→ **Assignment**
Look below for the line that contains "DK(5.9帖)、洋室(5.9帖)、和室(5.9帖) | ||", then quote it and all the lines after it, exactly, with the pictures left out.

→ **Dataset content**
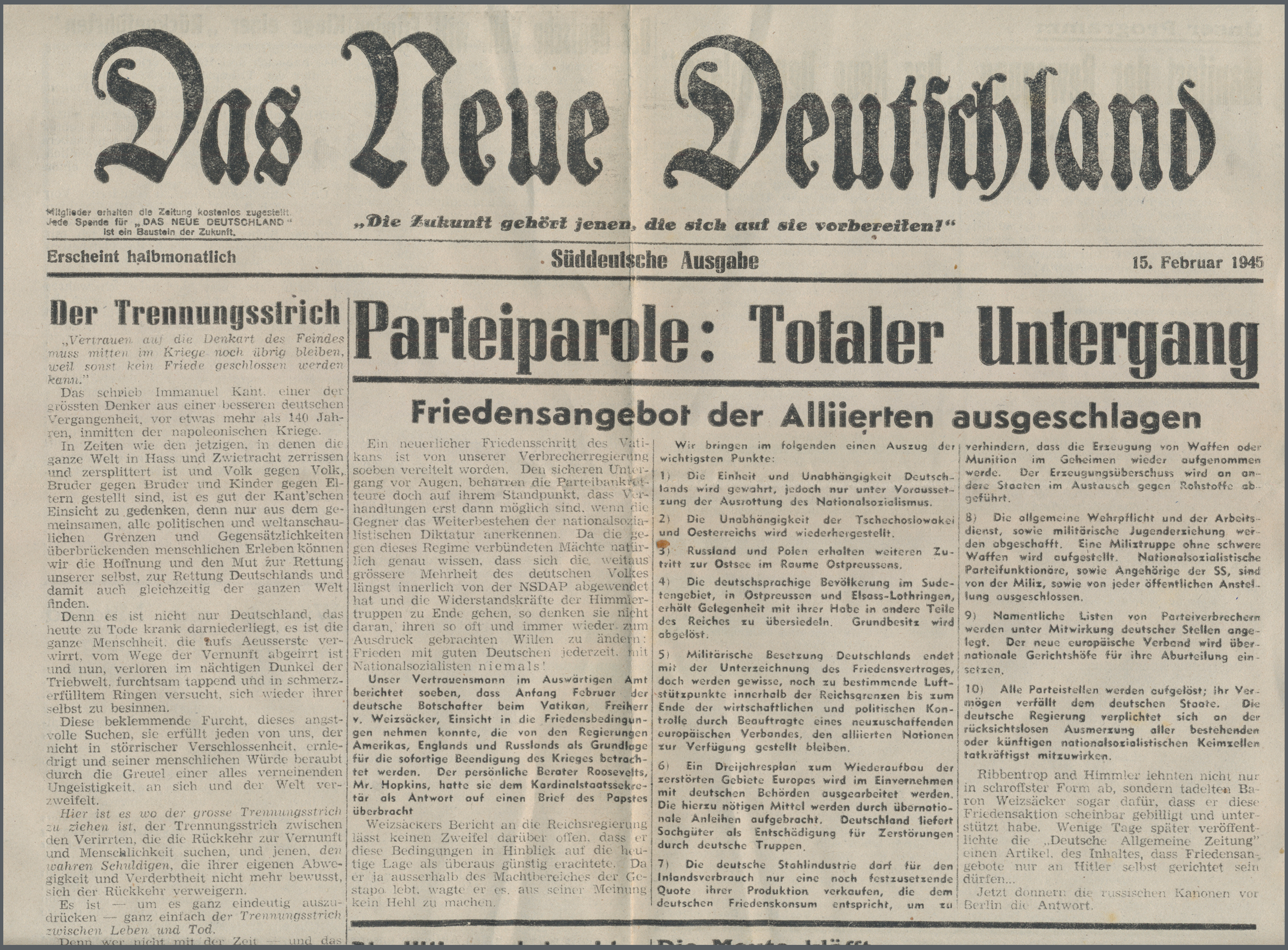 und Aufmachung ähnlich den tatsächlichen deutschen Illustierten der Zeit, jedoch Inhalt teils subtile, teils offensichtliche sowjetische Propaganda. Beides ORIGINALE in DIN A4, je 4 S. Besitz hätte als Feindpropaganda in Deutschland während des
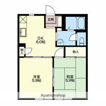 | 間取り詳細 | DK(5.9帖)、洋室(5.9帖)、和室(5.9帖) | ||
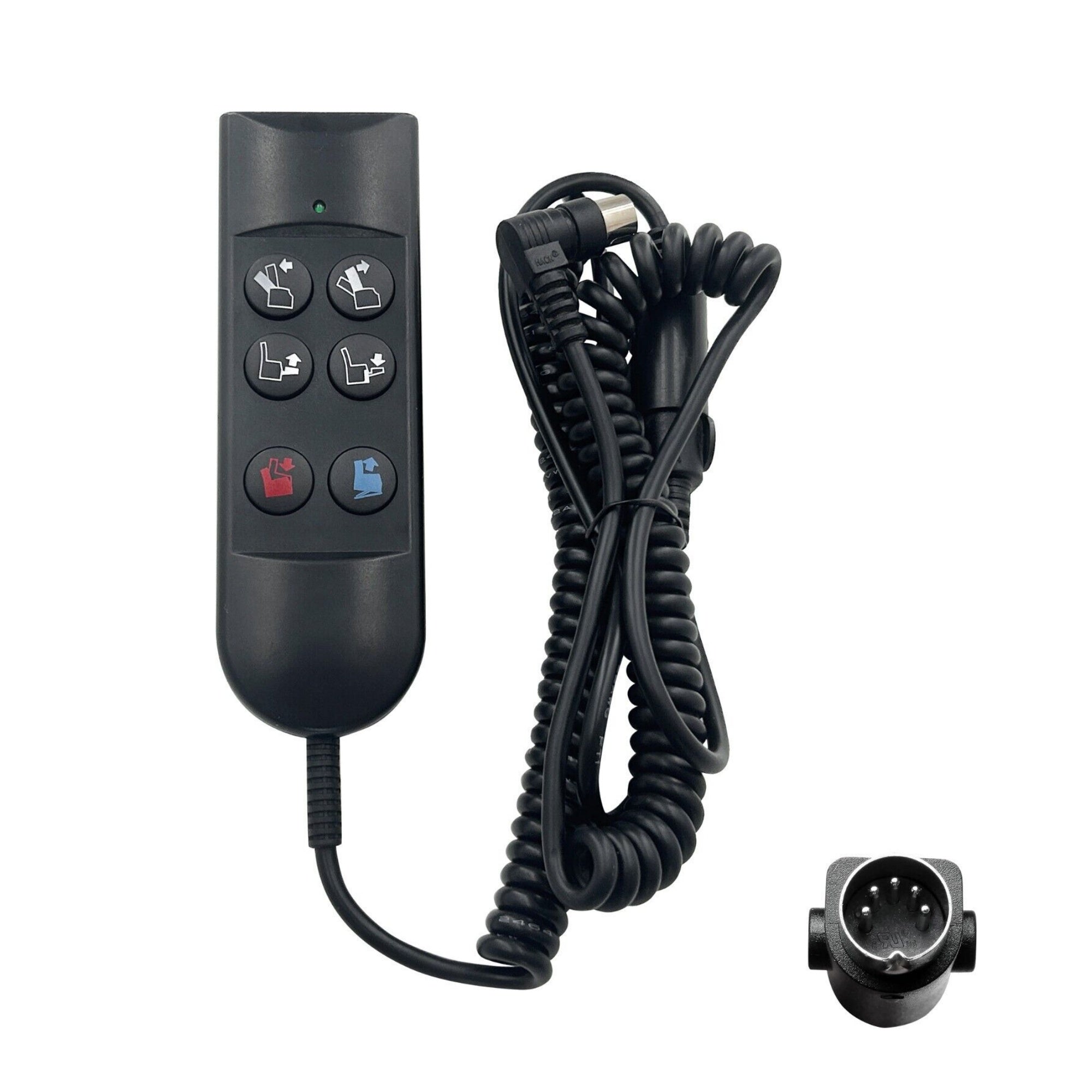 This is 6 button 5 pin lift chair remote replacement for up and down. The hand control can replace Golden PR-502, PR-505 infinite position lift chair ZK756HCL and many different brands of lift chairs remote.

→ **Your solution**
 | 間取り詳細 | DK(5.9帖)、洋室(5.9帖)、和室(5.9帖) | ||
 This is 6 button 5 pin lift chair remote replacement for up and down. The hand control can replace Golden PR-502, PR-505 infinite position lift chair ZK756HCL and many different brands of lift chairs remote.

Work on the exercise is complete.